EALL 805b / FILM 871b, Readings in Japanese Film TheoryAaron Gerow

Theorizations of film and culture in Japan from the 1910s to the present. Through readings in the works of a variety of authors, the course explores both the articulations of cinema in Japanese intellectual discourse and how this embodies the shifting position of film in Japanese popular cultural history.
F 1:30pm-3:30pm

EALL 850b, Theory in/and East AsiaStephen Poland

This seminar engages with the question of what “Theory” might mean in the context of East Asian cultural studies. Many critiques have been made of the way “traveling theory” serves as a Euro-American universal applied to the “raw material” of East Asian texts, or as a transdisciplinary common language in the humanities and social sciences. We take this notion as a starting point to explore the intersections and interactions of “Theory” and “East Asia.” Questions include: What is Theory? Who gets to theorize? How have thinkers in East Asia engaged with Theory? How has Theory engaged with East Asia? What have been the major issues and debates in Theory, and how can they apply to scholarship on East Asian cultural production? How can the work of thinkers in/of East Asia offer critiques of Theory, and what problems arise from such challenges? These questions will also be situated in the historical context of disciplinary formation and the creation of Area Studies in universities in the United States. Readings are primarily in English, but may also include Japanese, Chinese, or Korean depending on student interest and language abilities.
W 3:30pm-5:20pm

EALL 873a / EAST 573a / HIST 873a, China and the World circa 1900Peter Perdue and Jing Tsu

Reading and discussion of significant themes in China and world history in the first decade of the twentieth century. We concentrate on topics that contain international, transnational, and comparative implications, and include discussion of literary and historical material. Most readings are in English, but selected primary sources in Asian languages may be used. Open to all History, East Asian Studies, and East Asian Languages and Literatures students, and others by request. Includes research paper and weekly writing exercises.
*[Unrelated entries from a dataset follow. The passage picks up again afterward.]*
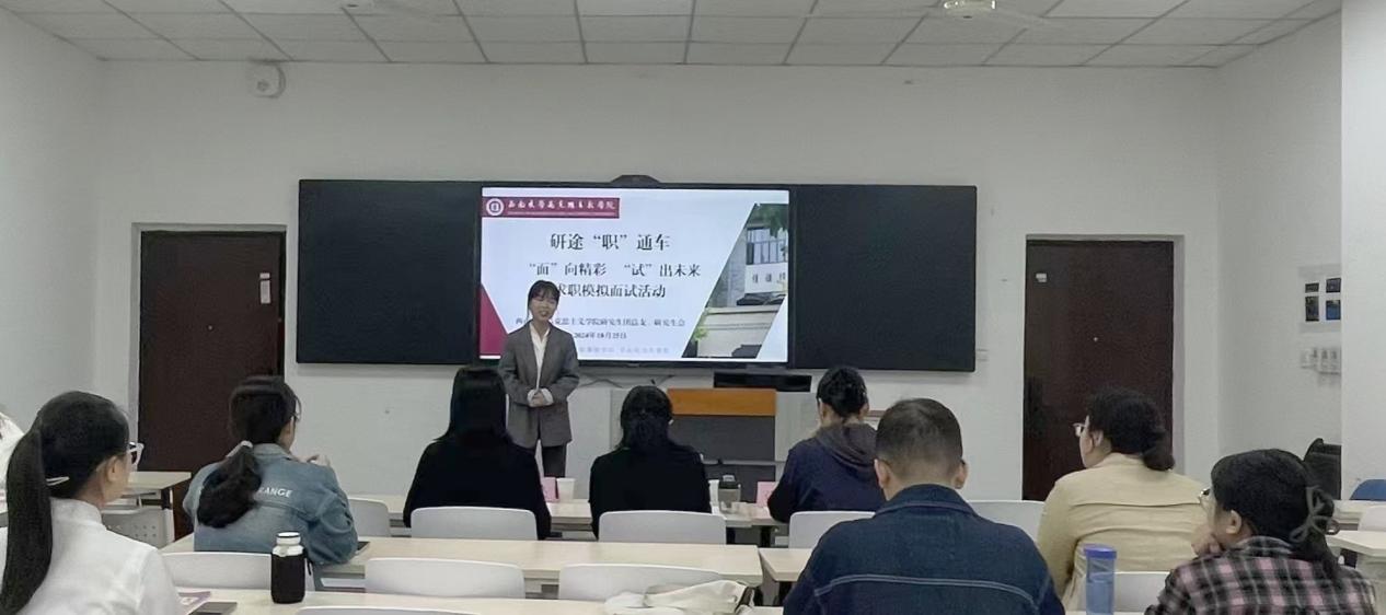 在模拟面试环节,各位面试者依次展示了自己精心准备的模拟授课内容,初步展现出扎实的知识储备和良好的思政课教学技能。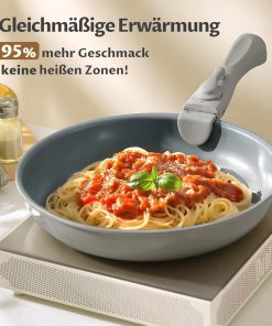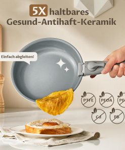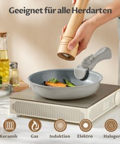 Das Pfannenset (20/24/28 cm) überzeugt mit guter Antihaft-Keramikbeschichtung, gleichmäßiger Wärmeverteilung und einem stabilen, induktionsfähigen Boden; der abnehmbare Griff ist praktisch für platzsparende Aufbewahrung und Camping, die Pfannen funktionieren zuverlässig auf allen Herdarten. Die Reinigung ist unkompliziert und die Verarbeitung wirkt solide, insgesamt ein durchdachtes Set für den Alltag.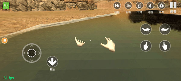 3、左右手指手势,可以操作左右手,拿起物品,比如拿起香皂,抓起马缰绳骑马,当物品出现下方图标提示时,就可以拿起物品或操作物品了。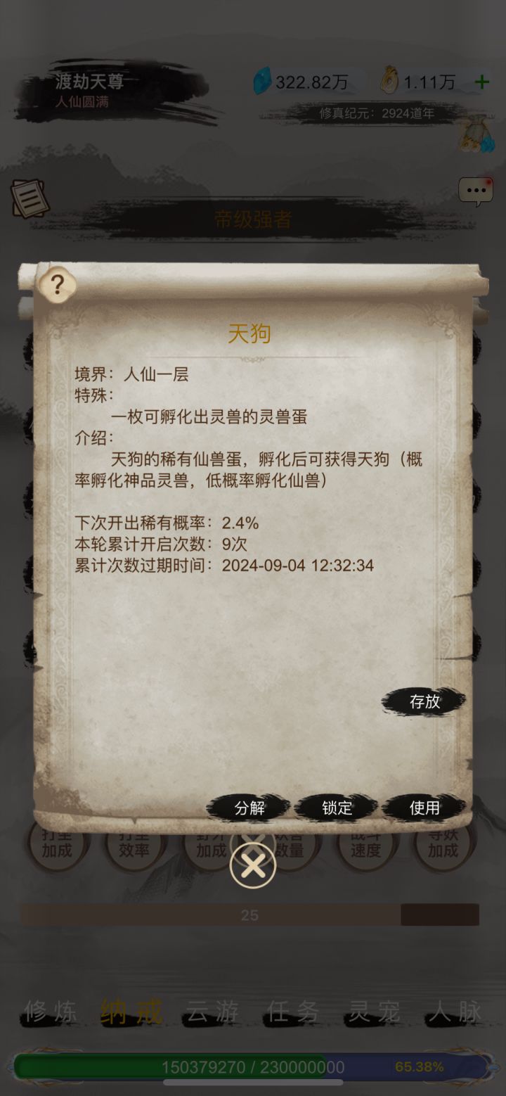 分解法器会获得法宝积分,纳戒界面右上角兑换查询.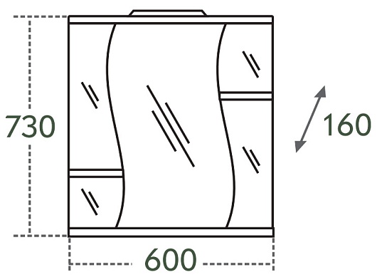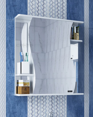 Описание: влагостойкая зеркальная распашная дверца, полочки.

Prerequisite: knowledge of one foreign language, European or Asian.
Th 3:30pm-5:20pm

EALL 900a or b, Directed ReadingsStaff

Offered by permission of instructor and DGS to meet special needs not met by regular courses.
HTBA

EALL 990a or b, Directed ResearchStaff

Offered as needed with permission of instructor and DGS for student preparation of dissertation prospectus.
HTBA

JAPN 510a or b, Japanese for SinologistsMasahiko Seto

Intensive Japanese reading course designed for Sinologists. Includes canonical texts from the nineteenth to the twentieth century by Japanese scholars of Chinese history, literature, cultural studies, and law. Reading comprehension and grammar as well as vocabulary are strengthened. The principal text is Japanese for Sinologists by Joshua A. Fogel and Fumiko Joo. Prerequisite: JAPN 150 or equivalent.
HTBA

JAPN 570a, Introduction to Literary JapaneseEdward Kamens

Introduction to the grammar and style of the premodern literary language (bungotai) through a variety of texts. Prerequisite: JAPN 151 or equivalent.
TTh 9am-10:15am

JAPN 571b, Readings in Literary JapaneseAdam Haliburton

Close analytical reading of a selection of texts from the Nara through Tokugawa period: prose, poetry, and various genres. Introduction of kanbun. Prerequisite: JAPN 570 or equivalent.